Stephanie Mitchell/Fotógrafa da equipe de Harvard
Como tecnologias como IA generativa e chatbots estão impactando a maneira como as pessoas namoram?
O que eu vi em aplicativos de namoro reflete o que você vê em todos os setores do mundo digital ou da economia. Eu ouvi falar de pessoas usando chatbots para gerar muitas mensagens para outras pessoas ou usando IA para classificar essas mensagens. Por anos, houve essa tendência em direção a assistentes de namoro virtuais, que procurariam pessoas para você, como casamenteiros, e faz sentido que as pessoas possam usar GPTs para fazer parte disso.
A outra coisa que as pessoas falam é sobre namoradas e namorados chatbots. Isso, claro, tem uma história cultural muito antiga.

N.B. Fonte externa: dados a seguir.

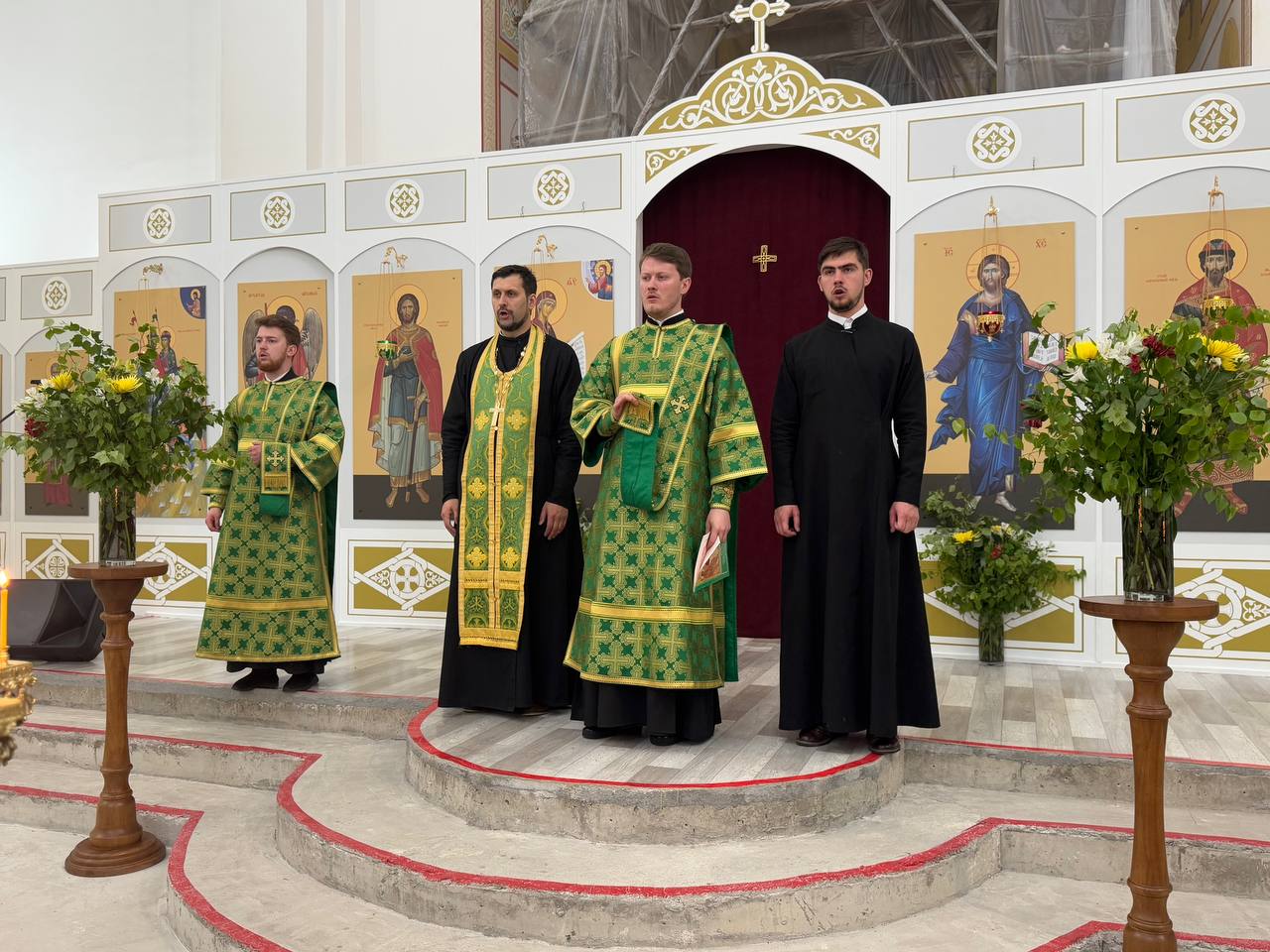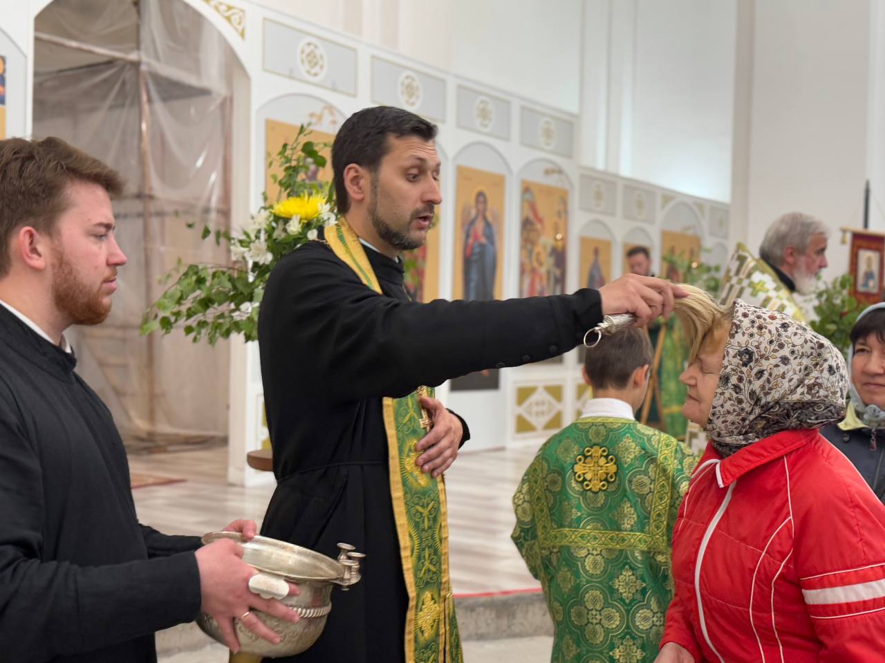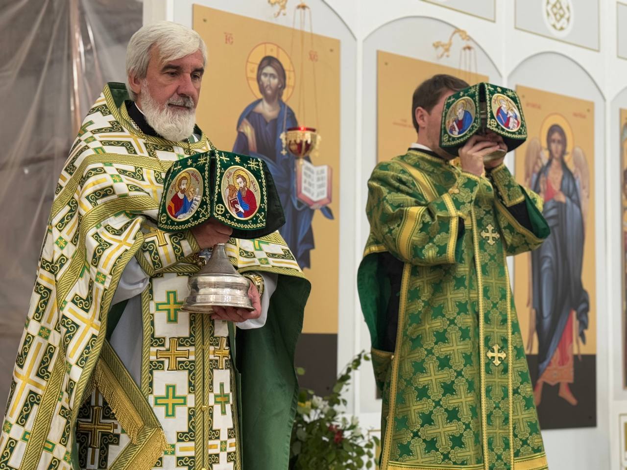 8 июня 2025 года, в день Святой Троицы, Божественную литургию в строящемся храме Всемилостивого Спаса совершил настоятель храма протоиерей Михаил Подолей. Его Высокопреподобию сослужили диаконы Эмануил Кричфалуший и Владимир Аношин. Была совершена вечерня с чтением коленопреклонных молитв.

Você poderia falar mais sobre isso?
Houve tantas representações literárias diferentes dessa fantasia de criar seu parceiro perfeito — um sonho que se torna realidade e que geralmente também acaba sendo um tipo de pesadelo. Poderíamos olhar para o mito grego e latino de Pigmalião. Poderíamos olhar para tantas narrativas de autômatos na Europa do século XIX, de "The Sandman" de ETA Hoffmann a "The Future Eve" de Auguste Villiers de l'Isle-Adam. Para voltar no tempo, poderíamos falar sobre Eva sendo feita da costela de Adão para ser sua companheira. A profundidade desse tropo de um humano (geralmente um homem) construindo o parceiro ideal é fascinante para mim. Também aparece em filmes: filmes clássicos como "Metropolis" (1927) de Fritz Lang ou "Blade Runner" (1982) de Ridley Scott ou mais recentes como "Her" (2013) e "Ex Machina" (2014) ou aquela série da HBO "Westworld". Todas essas histórias exploram o que os humanos querem uns dos outros, mas também como projetamos nossos desejos em máquinas e outras artes. Podemos desenvolver apegos e emoções profundas a objetos feitos, mas sempre há uma corrente oculta de perigo e perda que vem com esse tipo de maestria. Então, mesmo que algo como Replika, a namorada do chatbot, talvez não pareça algo intelectualmente sofisticado, ele se conecta a essa história profunda.
E para as pessoas que estão frustradas com a cultura do namoro moderno por aplicativo? Há um precedente histórico para isso?
Uma sensação de crise está profundamente no DNA do namoro. Não há momentos na história que pesquisei em que as pessoas estivessem dizendo: "É ótimo! Está tudo bem! Não estou preocupado com isso!" A todo momento há uma ansiedade sobre namoro, o que também se torna a ocasião para muita produção cultural: livros de autoajuda, comédias românticas, romances YA, sem mencionar todas as coisas que as empresas vendem às pessoas para tentar ajudá-las a se sentirem mais desejáveis. Essa sensação de ansiedade é realmente cultural e economicamente produtiva. E então, mesmo quando muda, parece encontrar uma maneira de continuar.